Calculating quintile based scores on R

I have a dataframe with year (2006 to 2010), 4 industry sectors, 150 firm names and the net income of these firms. In total I have 750 observations, one for each firm for each year. I want to give scores to firms for their income within each industry year based on the quintiles. So, firms with income in the top 20% within each industry-year get a score of 5, the next 20% get a score of 4 and so on. The bottom 20% get a score of 1.
The sample data base is:
Year Industry Firm Income
2006 Chemicals ABC 334.50
2007 Chemicals ABC 388.98
.
.
2006 Pharma XYZ 91.45
.
.
How do I do this in R? I have tried aggregate and tapply along with quantile but am not able to arrive at the logic that should be used for this. Please help.
I tried this just to allocate a score of 1 to the lowest 20%, but it returned an error.
db10$score <- ifelse(db10$income < aggregate(income~Year+industry,db10,quantile,c(0.2)),1,0)
Try this method:
First, I'll create the sample where to test the function below:
y = c(rep(2001,15),rep(2002,15),rep(2003,15))

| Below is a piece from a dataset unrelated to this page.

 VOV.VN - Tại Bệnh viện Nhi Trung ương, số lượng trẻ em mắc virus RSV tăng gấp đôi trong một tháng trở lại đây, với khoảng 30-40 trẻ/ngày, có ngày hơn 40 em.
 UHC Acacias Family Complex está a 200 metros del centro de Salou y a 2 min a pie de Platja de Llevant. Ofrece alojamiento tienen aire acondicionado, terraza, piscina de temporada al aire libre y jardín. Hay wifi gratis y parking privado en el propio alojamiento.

ind = c("A","B","C","D","E","G","H","I","J","K","L","M","N","O","P")
val = runif(45,10,100)
df = data.frame(y,ind,val)
head(df,20)
y ind val
1 2001 A 63.32011
2 2001 B 85.67976
3 2001 C 86.77527
4 2001 D 32.18319
5 2001 E 49.86626
6 2001 G 57.73214
7 2001 H 18.08216
8 2001 I 22.31012
9 2001 J 44.11174
10 2001 K 54.76902
11 2001 L 41.82495
12 2001 M 64.84514
13 2001 N 59.16529
14 2001 O 61.28870
15 2001 P 84.76561
16 2002 A 83.68185
17 2002 B 45.01354
18 2002 C 62.22964
19 2002 D 98.41717
20 2002 E 19.91548
There are 3 years, and industries from A to P. The data frame is ordered by year and later by industry.

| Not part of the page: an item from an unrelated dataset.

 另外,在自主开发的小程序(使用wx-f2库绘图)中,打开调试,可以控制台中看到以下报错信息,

This function below takes a year value y and calculates the quintile category for all df$val where the year df$y is y
quintile = function(y) {
x = df$val[df$y == y]
qn = quantile(x, probs = (0:5)/5)
result = as.numeric(cut(x, qn, include.lowest = T))
}
The only thing left is to apply this function to the unique year values
df$qn = unlist(lapply(unique(df$y), quintile))
Result:
> head(df,20)
y ind val qn
1 2001 A 63.32011 4
2 2001 B 85.67976 5
3 2001 C 86.77527 5
4 2001 D 32.18319 1
5 2001 E 49.86626 2
6 2001 G 57.73214 3
7 2001 H 18.08216 1
8 2001 I 22.31012 1
9 2001 J 44.11174 2
10 2001 K 54.76902 3
11 2001 L 41.82495 2
12 2001 M 64.84514 4
13 2001 N 59.16529 3
14 2001 O 61.28870 4
15 2001 P 84.76561 5
16 2002 A 83.68185 4
17 2002 B 45.01354 1
18 2002 C 62.22964 3
19 2002 D 98.41717 5
20 2002 E 19.91548 1
Maybe there is a much simpler way to implement this...
Grouping by two columns
If you want to calculate quintiles based on the grouping of two columns: y and grp
y = c(rep(2001,15),rep(2002,15),rep(2003,15))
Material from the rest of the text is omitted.